Policy iteration starting from tit-for-tat doesn't give us a good
policy for iterated PD.  The best response to tit-for-tat in either
trembling-hands or inaccurate-history is always-cooperate.  It's not
tit-for-tat since there will eventually be a defection due to some
mistake, and that will degenerate into CDCDCD vs. DCDCDC, which will in
turn either degenerate to DDD vs. DDD or revert to CCC vs. CCC.  In
fact, any intentional defection against tit-for-tat hurts my overall
expected score: the D vs. C round will be followed by some number of D
vs. D rounds, then possibly a C vs. D to get back on track again.  The
D vs. D rounds all hurt my score, and the C vs. D hurts my score more
than the D vs.

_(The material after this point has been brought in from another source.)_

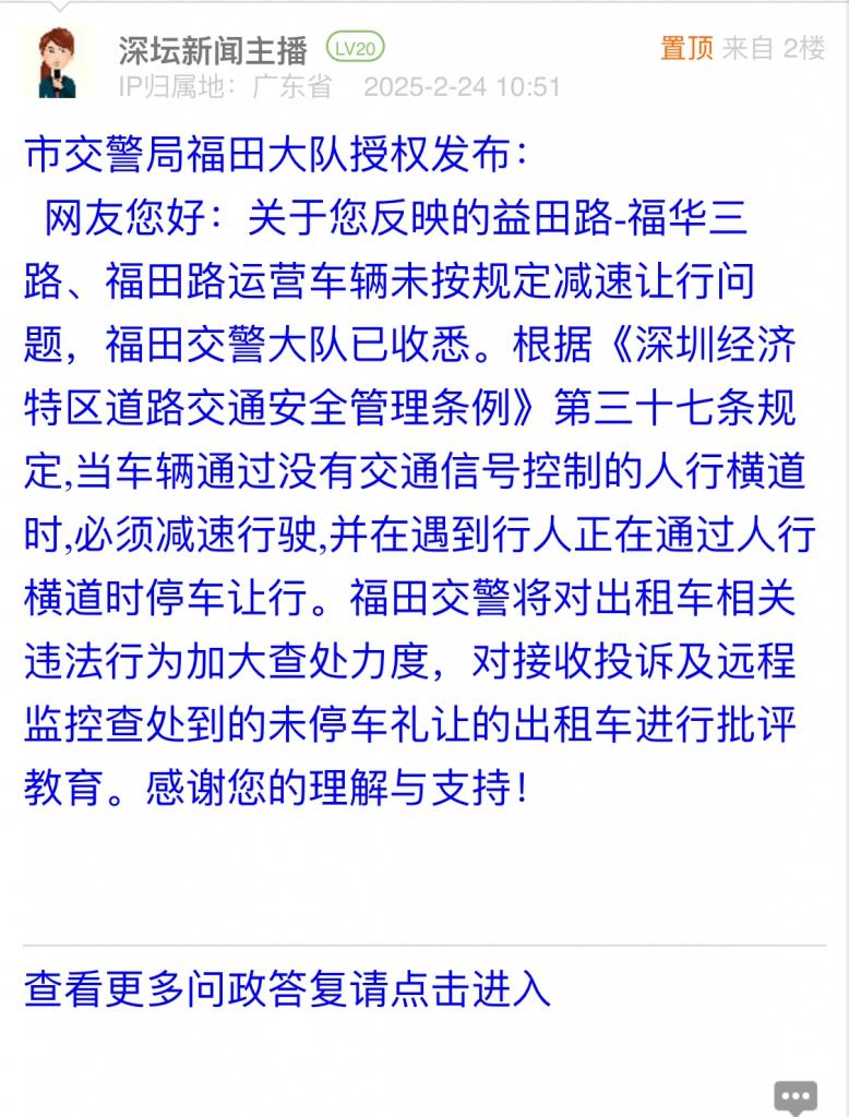 网友您好:关于您反映的益田路-福华三路、福田路运营车辆未按规定减速让行问题,福田交警大队已收悉。根据《深圳经济特区道路交通安全管理条例》第三十七条规定,当车辆通过没有交通信号控制的人行横道时,必须减速行驶,并在遇到行人正在通过人行横道时停车让行。福田交警将对出租车相关违法行为加大查处力度,对接收投诉及远程监控查处到的未停车礼让的出租车进行批评教育。感谢您的理解与支持!

C helped it.

But the best response to always-cooperate is always-defect, and the
best response to always-defect is always-defect.  So, policy iteration
starting from tit-for-tat leads to always-defect, which is a Nash
equilibrium but not a very nice one.


====================


Iterated PD is very popular on the web; a quick search turned up (among
others) http://socrates.berkeley.edu/~jgwacker/GA/IPD.html, a web page
describing a paper in which the author used GAs to evolve societies of
PD-players in the presence of noise.  Apparently the strategies which
evolved tended to be what he called "secret handshakes": players would
verify that they had the same genotype by performing a complicated
sequence of moves, then go into either always-cooperate or
always-defect mode depending on whether the handshake was performed
correctly or not.  Such a strategy is clearly not an equilibrium, since
its best response is the strategy which performs the secret handshake
then goes into always-defect mode.  (The web page didn't mention this
best response, but I would be surprised if it hadn't evolved at some
point, since its representation is very similar to the representation
of the secret-handshake player.)

It would be nice if the GA had found the equilibrium I described
earlier.  But, it turns out that the description language the author
used couldn't represent this equilibrium, so I guess it's not too
surprising the GA didn't find it.